#### [EXERCISE]
Both the line below containing "Kožená príručná taška" and the line containing "The cabin is", along with every line between them, should be repeated exactly; no other line belongs in the answer.

#### [DATA]
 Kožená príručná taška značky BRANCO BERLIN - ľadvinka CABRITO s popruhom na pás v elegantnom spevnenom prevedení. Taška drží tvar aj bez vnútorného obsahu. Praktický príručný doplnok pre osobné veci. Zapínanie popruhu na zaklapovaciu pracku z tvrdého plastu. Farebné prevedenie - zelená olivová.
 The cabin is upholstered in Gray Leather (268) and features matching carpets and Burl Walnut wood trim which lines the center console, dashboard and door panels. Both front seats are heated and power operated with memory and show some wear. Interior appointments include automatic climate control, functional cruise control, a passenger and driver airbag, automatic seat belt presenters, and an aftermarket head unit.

...

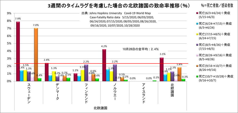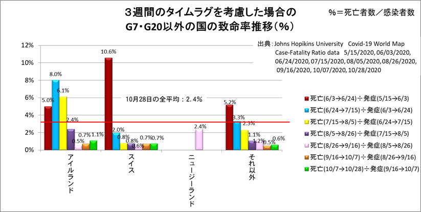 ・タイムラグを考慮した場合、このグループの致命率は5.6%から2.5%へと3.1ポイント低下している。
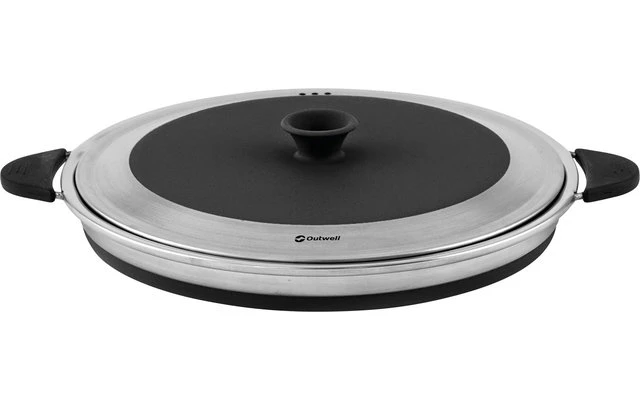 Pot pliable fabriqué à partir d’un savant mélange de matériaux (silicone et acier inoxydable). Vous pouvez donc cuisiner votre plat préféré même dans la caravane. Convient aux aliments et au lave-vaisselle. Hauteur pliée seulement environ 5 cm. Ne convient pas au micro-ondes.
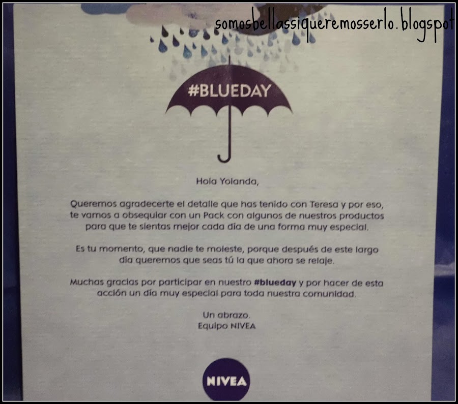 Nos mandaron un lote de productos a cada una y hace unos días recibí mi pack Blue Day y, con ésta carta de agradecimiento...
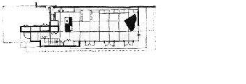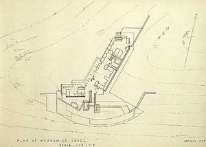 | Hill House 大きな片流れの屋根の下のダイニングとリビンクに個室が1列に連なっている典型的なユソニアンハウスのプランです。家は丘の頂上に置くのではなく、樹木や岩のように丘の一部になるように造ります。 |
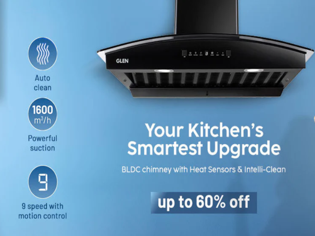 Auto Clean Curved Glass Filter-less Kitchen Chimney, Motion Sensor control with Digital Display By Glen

---

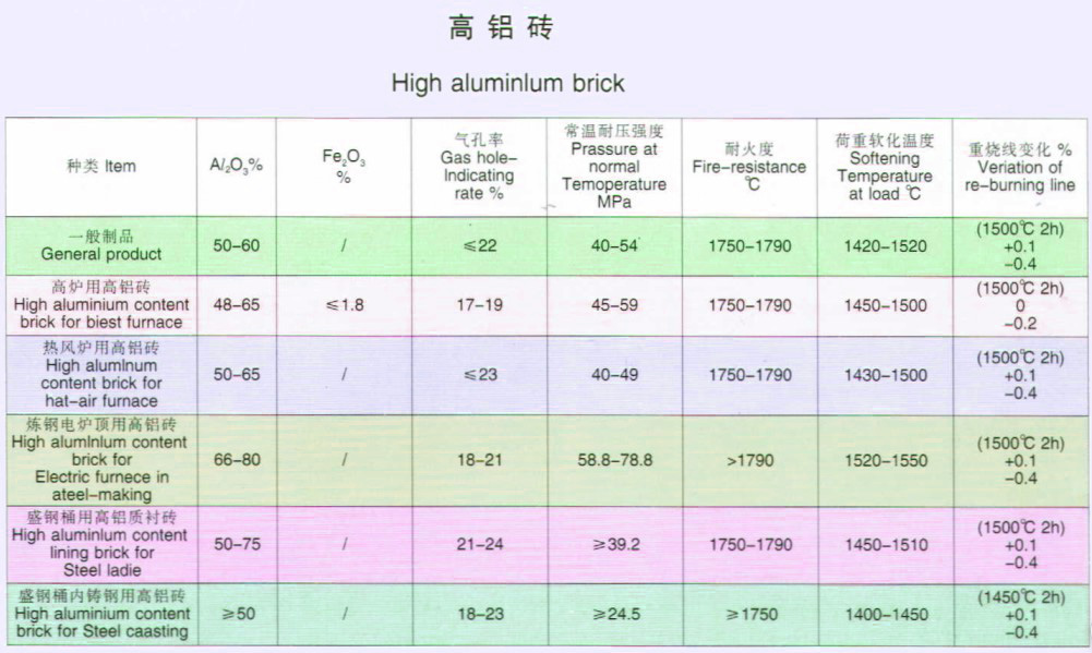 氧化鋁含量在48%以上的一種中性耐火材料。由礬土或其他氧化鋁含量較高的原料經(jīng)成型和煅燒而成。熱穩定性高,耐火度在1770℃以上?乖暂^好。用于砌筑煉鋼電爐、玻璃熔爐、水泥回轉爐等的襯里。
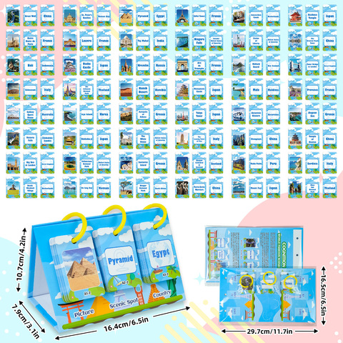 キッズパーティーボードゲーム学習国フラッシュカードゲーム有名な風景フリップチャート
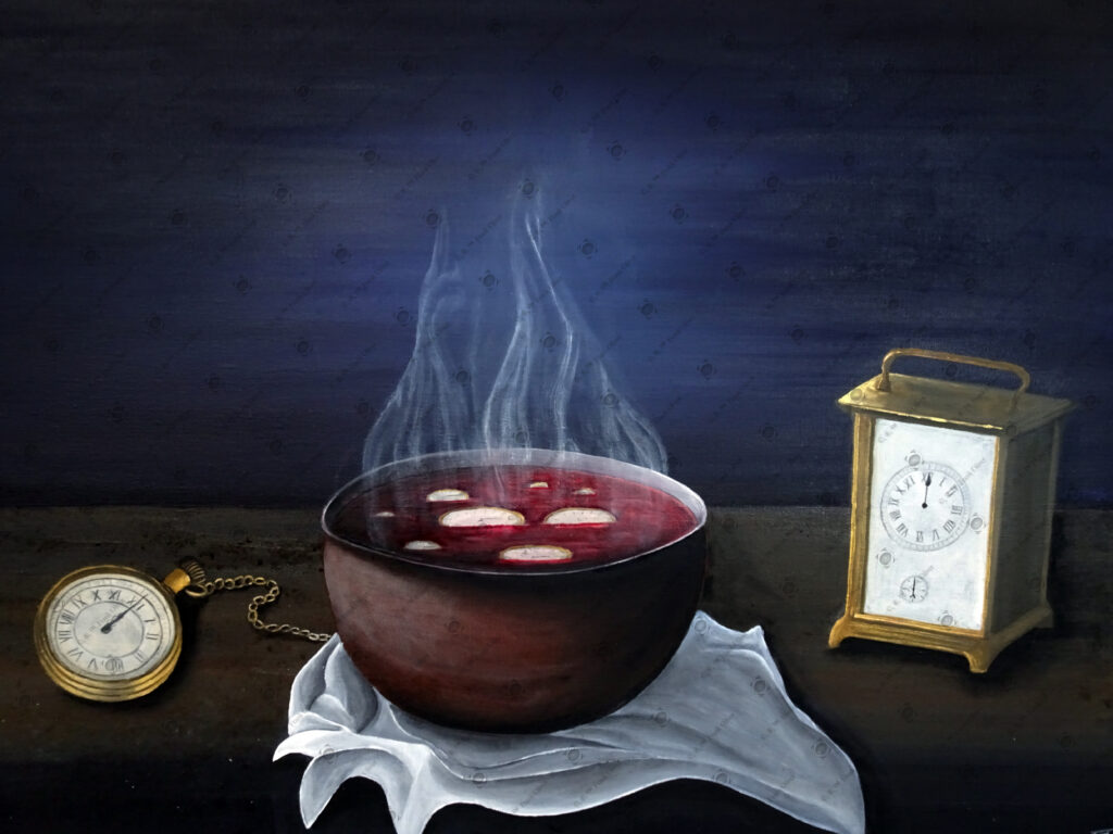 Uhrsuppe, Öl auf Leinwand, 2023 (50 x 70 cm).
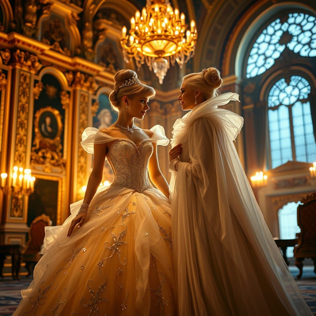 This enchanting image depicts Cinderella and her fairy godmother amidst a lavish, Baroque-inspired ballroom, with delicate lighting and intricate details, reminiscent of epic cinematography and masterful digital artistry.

#### [EXPECTED OUTPUT]
 Kožená príručná taška značky BRANCO BERLIN - ľadvinka CABRITO s popruhom na pás v elegantnom spevnenom prevedení. Taška drží tvar aj bez vnútorného obsahu. Praktický príručný doplnok pre osobné veci. Zapínanie popruhu na zaklapovaciu pracku z tvrdého plastu. Farebné prevedenie - zelená olivová.
 The cabin is upholstered in Gray Leather (268) and features matching carpets and Burl Walnut wood trim which lines the center console, dashboard and door panels. Both front seats are heated and power operated with memory and show some wear. Interior appointments include automatic climate control, functional cruise control, a passenger and driver airbag, automatic seat belt presenters, and an aftermarket head unit.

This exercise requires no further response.